Gold Bond trading stamps were dispensed in strips at the time of purchase and pasted into books for saving.
The practice started in the 1890s, at first given only to customers who paid for purchases in cash, to reward those who did not purchase on credit. It grew with the spread of chain gasoline stations in the early 1910s and the then-new industry of chain supermarkets in the 1920s, and merchants found it more profitable to award them to all customers. Trading stamps were at their most popular from the 1930s through the 1960s.
An example of the value of trading stamps would be during the 1970s and 1980s where the typical rate issued by a merchant was one stamp for each 10¢ of merchandise purchased.

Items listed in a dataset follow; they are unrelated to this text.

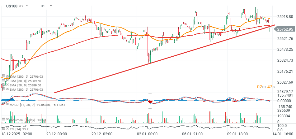 Pred kľúčovými americkými makroúdajmi a rozhodnutím Najvyššieho súdu USA o clách zostáva sentiment okolo amerických akciových indexov výrazne negatívny. Napriek včerajším povzbudivým údajom o CPI trhy túto správu z väčšej časti ignorovali a akcie uzavreli nižšie. Futures na Nasdaq 100 (US100) klesajú o viac než 0,5 %, zatiaľ čo VIX rastie približne o 3 %. Ak sa US100 rýchlo nevráti nad 25 800, býci môžu mať problém udržať rastové momentum v krátkodobom horizonte. Index bol v poslednom období štyrikrát odmietnutý v oblasti 26 000 bodov a aktuálne klesol pod dva kľúčové kĺzavé priemery – 50- a 200-obdobový EMA. RSI smeruje k 35, ale zatiaľ nevstúpil do prepredanej zóny.
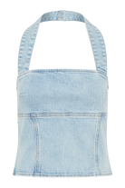 The DAYNA Denim Halter Top is a sleek, structured take on denim that’s perfect for day or night. Featuring a halter neckline and a fitted silhouette, this top boasts bust and princess panel seams for a contoured fit. The side zip makes for easy wear, while grip tape along the neckline keeps it comfortably in place. Style it with high-waisted jeans or the matching Caitlin Mid Rise Denim Flare Jeans for a statement look that’s effortlessly cool.
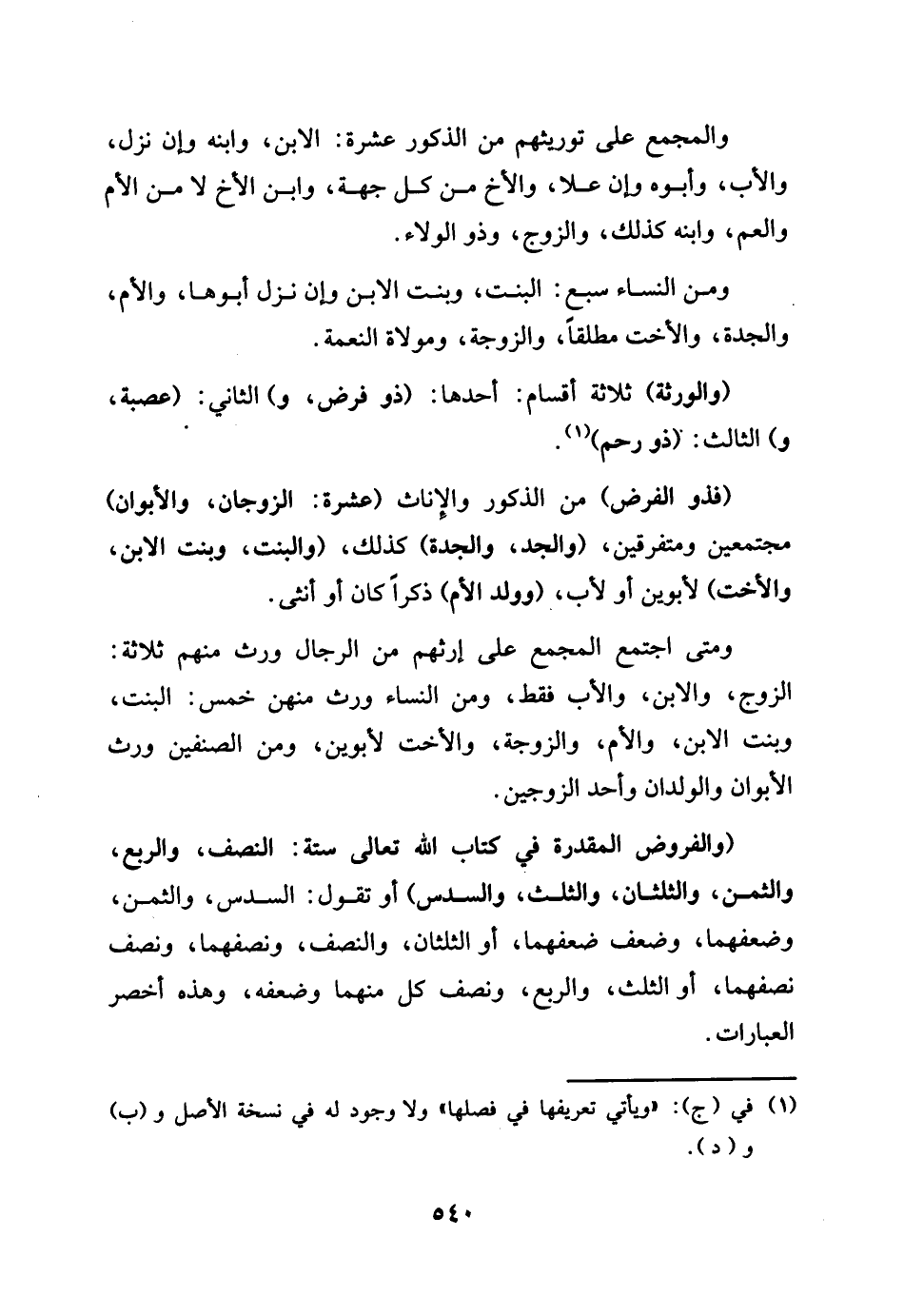 فرض , وَالثَّانِي عصبَة , وَالثَّالِث ذُو رحم وَيَأْتِي تَعْرِيفهَا فِي محلهَا. فذو الْفَرْض من الذُّكُور وَالْإِنَاث عشرَة: الزَّوْجَانِ والأبوان مُجْتَمعين وَمُتَفَرِّقِينَ , وَالْجد وَالْجدّة كَذَلِك , وَالْبِنْت , وَبنت الابْن , وَالْأُخْت لِأَبَوَيْنِ أَو لأَب , وَولد الْأُم ذكرا كَانَ أَو أُنْثَى. وَمَتى اجْتمع الْجمع على إرثهم من الرِّجَال وَورث مِنْهُم ثَلَاثَة: الزَّوْج , وَالِابْن

A typical book took approximately 1200 stamps to fill, or the equivalent of US $120.00 in purchases.
Plaid Stamps sign at Cracker Barrel restaurant in Lubbock, Texas
In the United States, the most popular brand of trading stamps was "S&H Green Stamps", sometimes informally simply known as "green stamps". Other larger brands, included "Top Value Stamps", "Gold Bond Stamps", "Plaid Stamps", "Blue Chip Stamps", "Buccaneer Stamps", and "Gold Strike Stamps". "Texas Gold Stamps" were given away in their namesake state mainly by the H-E-B grocery store chain, and Mahalo stamps in Hawaii.

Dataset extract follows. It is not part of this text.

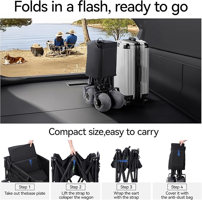 DXZ Beach Wagon Cart with Big Wheels for Sand – Folding Collapsible Wagon, Heavy Duty Wagons Carts Foldable for Beach, Camping, Outdoor Gear, Easy Setup Black Grey

Merchants would pay a third-party trading stamp company for the stamps, and then would advertise that they gave away trading stamps with purchases. The intent of this was to get customers to be loyal to the merchant, so that they would continue shopping there to obtain enough stamps to redeem for merchandise. Customers would fill books with stamps, and take the books to a trading stamp company redemption center to exchange them for premiums. Books could also be sent to the trading stamp company in exchange for premium merchandise via mail order catalogs.
In the early 1960s, the S&H Green Stamps company boasted that it printed more stamps annually than the number of postage stamps printed by the US government.
By the 1960s, trading stamps had spread to other countries. Entrepreneur Richard Tompkins established Green Shield Stamps in the United Kingdom (independent of S&H Green Stamps, but with a similar trademark), selling stamps at filling stations, and signing up Tesco supermarkets to the franchise in 1963.
By 1965, the British co-operative movement was offering trading stamps as a new means of allocating patronage dividends to its consumer members.
The bottom fell out of the trading stamp business in 1965, when supermarkets stopped issuing stamps altogether and started spending more money to advertise lower prices. Their role has been subsumed by rewards programs offered by credit card companies and other loyalty programs, such as grocery "Preferred Customer" cards.